● **Record set**
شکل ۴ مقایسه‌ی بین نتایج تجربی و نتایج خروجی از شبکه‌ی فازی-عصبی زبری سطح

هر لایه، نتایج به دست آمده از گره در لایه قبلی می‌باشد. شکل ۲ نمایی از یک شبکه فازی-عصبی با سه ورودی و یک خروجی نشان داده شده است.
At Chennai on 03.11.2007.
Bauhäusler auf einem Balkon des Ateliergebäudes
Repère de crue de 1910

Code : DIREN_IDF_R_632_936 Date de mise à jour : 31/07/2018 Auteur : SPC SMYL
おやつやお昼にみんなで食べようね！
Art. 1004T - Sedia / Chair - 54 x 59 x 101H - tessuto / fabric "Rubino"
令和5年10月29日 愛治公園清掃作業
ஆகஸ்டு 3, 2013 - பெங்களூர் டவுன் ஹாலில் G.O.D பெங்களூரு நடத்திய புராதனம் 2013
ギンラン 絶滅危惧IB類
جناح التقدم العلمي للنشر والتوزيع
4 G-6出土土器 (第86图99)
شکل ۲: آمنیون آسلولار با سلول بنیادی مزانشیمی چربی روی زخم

--

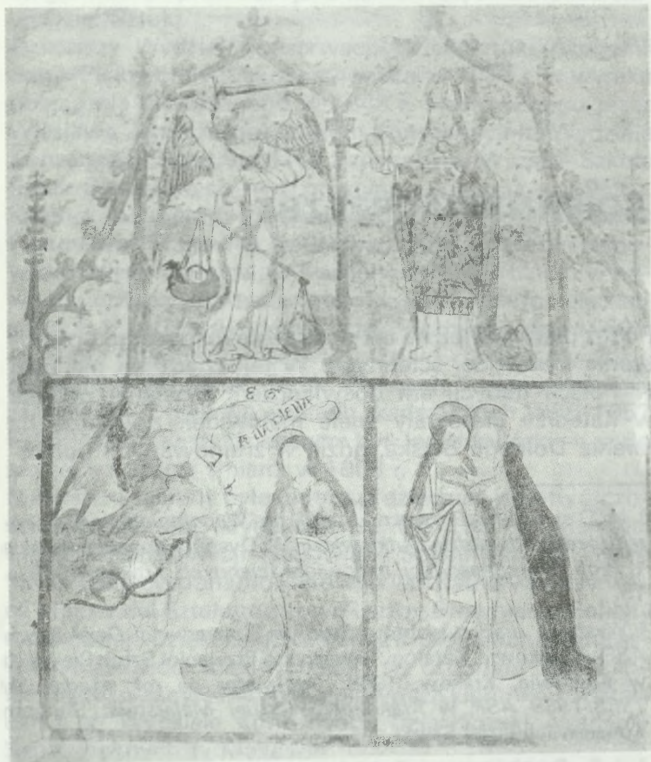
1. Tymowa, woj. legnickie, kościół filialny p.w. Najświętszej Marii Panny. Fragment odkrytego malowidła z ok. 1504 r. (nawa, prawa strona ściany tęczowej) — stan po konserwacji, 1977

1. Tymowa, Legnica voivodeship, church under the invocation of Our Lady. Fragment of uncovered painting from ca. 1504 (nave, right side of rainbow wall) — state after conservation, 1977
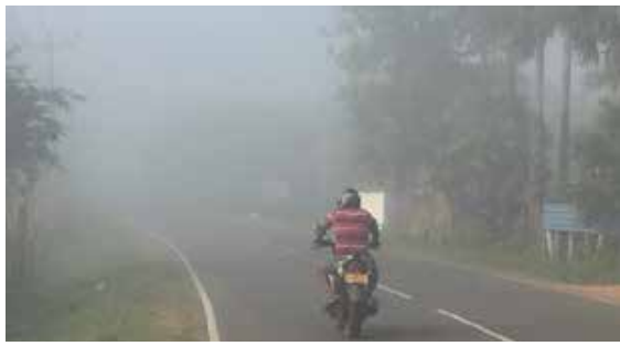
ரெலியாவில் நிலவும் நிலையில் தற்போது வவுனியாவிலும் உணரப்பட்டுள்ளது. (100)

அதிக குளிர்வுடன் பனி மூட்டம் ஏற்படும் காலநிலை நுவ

● **Task item**
Copy all lines above containing the string "عصبی".

● **Expected answer**
شکل ۴ مقایسه‌ی بین نتایج تجربی و نتایج خروجی از شبکه‌ی فازی-عصبی زبری سطح
هر لایه، نتایج به دست آمده از گره در لایه قبلی می‌باشد. شکل ۲ نمایی از یک شبکه فازی-عصبی با سه ورودی و یک خروجی نشان داده شده است.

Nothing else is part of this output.